Banjir di Jakarta harus sudah kita pandang sebagai fenomena alam. Meskipun kita sadar sepenuhnya bahwa banjir ini akibat kerusakan alam dan lingkungan yg diakibatkan oleh tangan-tangan manusia sendiri, tetapi banjir nyatanya sudah menjadi fakta alam di Jakarta ini. Maka kini kita harus memulai melakukan kehidupan yg penuh harmoni dengan banjir. Sudan saatnya kita berdamai dengan banjir, damai dengan alam.

Saya rasa Jakarta memang harus berdamai dengan banjir. Kita harus menyesuaikan diri, atau beradaptasi dengan banjir.

Mengapa demikian? Ya, karena memang nyatanya kita tidak bisa mengatasi -apalagi menghentikan- banjir di Jakarta. Sudah berapa Gubernur silih berganti mengurus Jakarta dengan segala konsep, rencana, dan janji-janji untuk mengatasinya baik dalam jangka pendek maupun jangka panjang. Tetapi kenyataannya banjir tetap terjadi dengan tingkat keparahan yang cenderung semakin meningkat.

Kita tidak perlu saling menyalahkan. Kita tidak perlu berapologi dengan mengatakan bahwa banjir Jakarta adalah "banjir kiriman". Kiriman dari siapa? Kiriman melalui transfer, RTGS, atau pos wesel? Kalau ada "banjir kiriman" maka lama-lama nanti akan ada "banjir tabungan", "banjir deposito", atau "banjir giro"? Statemen semacam ini adalah apologi belaka!

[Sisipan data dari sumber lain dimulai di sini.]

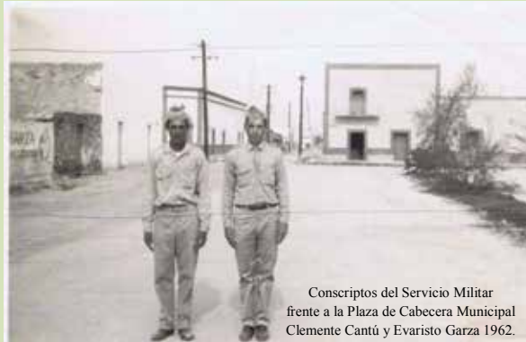
Conscriptos del Servicio Militar frente a la Plaza de Cabecera Municipal Clemente Cantú y Evaristo Garza 1962.
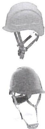
Casco de Seguridad
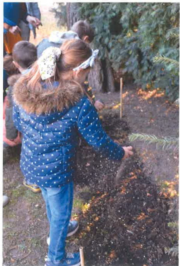
Pillanatképek a Beporzók napja rendezvényről
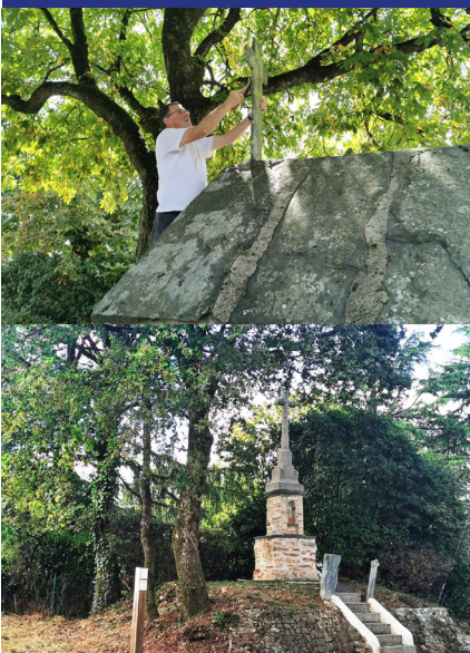
BEAUCHÊNE ♦ ERBRAY

Des travaux d'entretien ont été réalisés sur divers sites, dont le calvaire de Beauchêne construit en 1854.
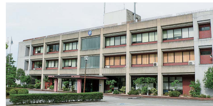
旧能登島市民センター
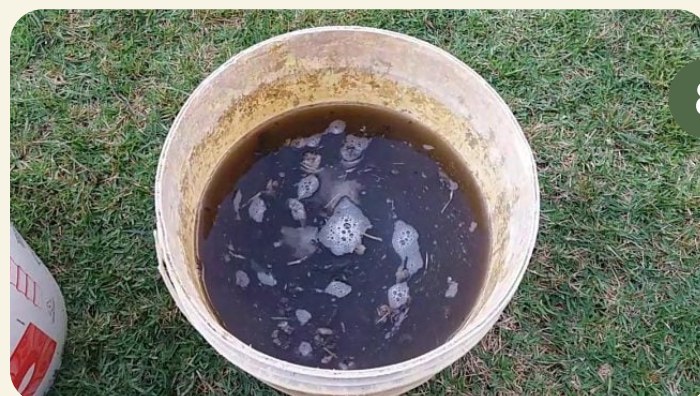
ADUBANDO COM HÚMUS
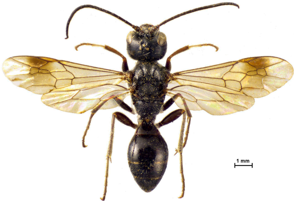
Abb. 1: Pseudogonalos hahnii , Weibchen / female.

1 ex. (CTK); Kaunerberg, NE Kauns, 1120–1200 m (47°04'N / 10°42'E), 11.VI.2005, leg. Martin Schwarz & M. Schwarz-Waubke, 6 ♂♂ (CMS, OLM); Fließ, Fließler Steppe, Neuer Zoll, Vögelebichl (47,116087 N / 10,626987 E), 1000 m, 5.VII.2014, leg. T. Kopf, 1 ex. (CTK) – Österreich, ohne genauere Funddaten, leg. A.F. Rogenhofer, 1 ♂ (NHMW).
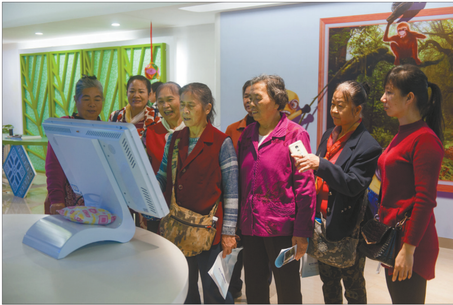
公众评污活动中，人们走进南宁环保发电厂了解固体废物污染防治。

市民代表等前往污水处理厂、无公害垃圾处理厂、垃圾焚烧发电厂、医疗废物处置中心等实地参观，近距离感受环保与生活的“密不可分”。
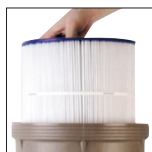
Facile da pulire
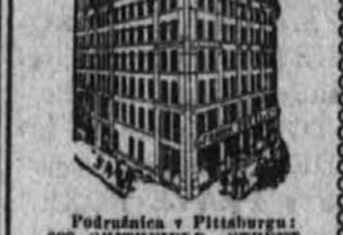
Podružnica v Pittsburghu: 600 SMITHFIELD STREET, PITTSBURGH, PA.

Maka satu-satunya jalan yang tersisa adalah menyerah dan kemudian berdamai dengan banjir. Banjir di Jakarta itu sudah sama seperti musim dingin yang ekstrim dan menggigit di Eropa. Tidak ada jalan untuk mengatasi cuaca dingin ekstrim di Barat kecuali berdamai dengan dingin: mengenakan pakaian tebal (overcold), makan yang bergizi, rumah yang melindungi, menciptakan alat penghangat ruangan, moda transportasi yang kedap dingin, dan seterusnya.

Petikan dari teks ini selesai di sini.